Exploring Stroke-Level Modifications for Scene Text Editing
- URL: http://arxiv.org/abs/2212.01982v1
- Date: Mon, 5 Dec 2022 02:10:59 GMT
- Title: Exploring Stroke-Level Modifications for Scene Text Editing
- Authors: Yadong Qu, Qingfeng Tan, Hongtao Xie, Jianjun Xu, Yuxin Wang, Yongdong
Zhang
- Abstract summary: Scene text editing (STE) aims to replace text with the desired one while preserving background and styles of the original text.
Previous methods of editing the whole image have to learn different translation rules of background and text regions simultaneously.
We propose a novel network by MOdifying Scene Text image at strokE Level (MOSTEL)
- Score: 86.33216648792964
- License: http://arxiv.org/licenses/nonexclusive-distrib/1.0/
- Abstract: Scene text editing (STE) aims to replace text with the desired one while
preserving background and styles of the original text. However, due to the
complicated background textures and various text styles, existing methods fall
short in generating clear and legible edited text images. In this study, we
attribute the poor editing performance to two problems: 1) Implicit decoupling
structure. Previous methods of editing the whole image have to learn different
translation rules of background and text regions simultaneously. 2) Domain gap.
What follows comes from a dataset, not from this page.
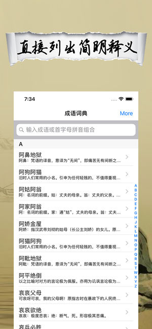 《成语大词典》包含超过50000成语词条,每个词条都有拼音、释义、典故出处以及举例说明等,全面且权威。 《成语大词典》提供快速搜索的功能,并独家支持首字母拼音检索,只需要输入成语中每个汉字拼音的首字母即可检索,非常便捷。 《成语大词典》提供收藏功能。 《成语大词典》完全离线运行,无需联网。 《成语大词典》是学习汉语的必备工具,对于语言研究者也有极大的帮助。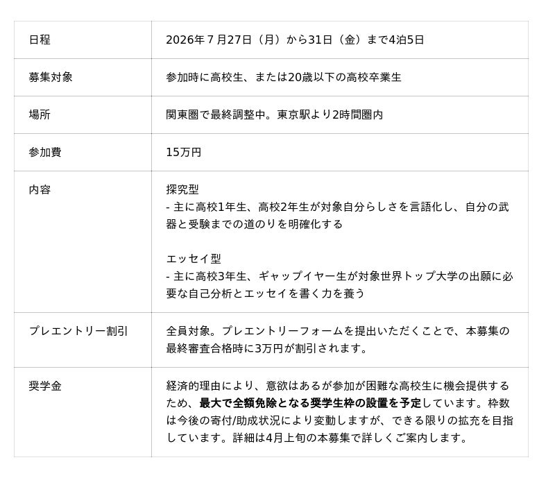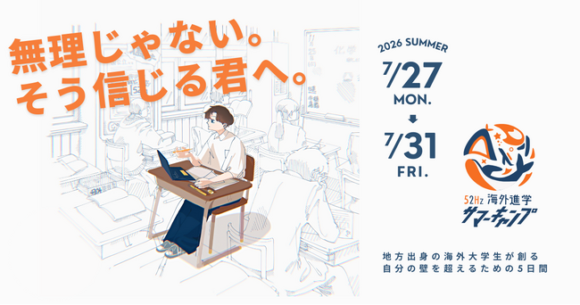 一般社団法人52Hz(本社:京都府、代表理事:梅澤凌我、以下52Hz)は、2026年7月27日(月)から31日(金)までの5日間「52Hz海外進学サマーキャンプ2026」を開催します。

Due to the lack of edited real scene text images, the network can only be well
trained on synthetic pairs and performs poorly on real-world images. To handle
the above problems, we propose a novel network by MOdifying Scene Text image at
strokE Level (MOSTEL). Firstly, we generate stroke guidance maps to explicitly
indicate regions to be edited. Different from the implicit one by directly
modifying all the pixels at image level, such explicit instructions filter out
the distractions from background and guide the network to focus on editing
rules of text regions. Secondly, we propose a Semi-supervised Hybrid Learning
to train the network with both labeled synthetic images and unpaired real scene
text images. Thus, the STE model is adapted to real-world datasets
distributions. Moreover, two new datasets (Tamper-Syn2k and Tamper-Scene) are
proposed to fill the blank of public evaluation datasets. Extensive experiments
demonstrate that our MOSTEL outperforms previous methods both qualitatively and
quantitatively. Datasets and code will be available at
https://github.com/qqqyd/MOSTEL.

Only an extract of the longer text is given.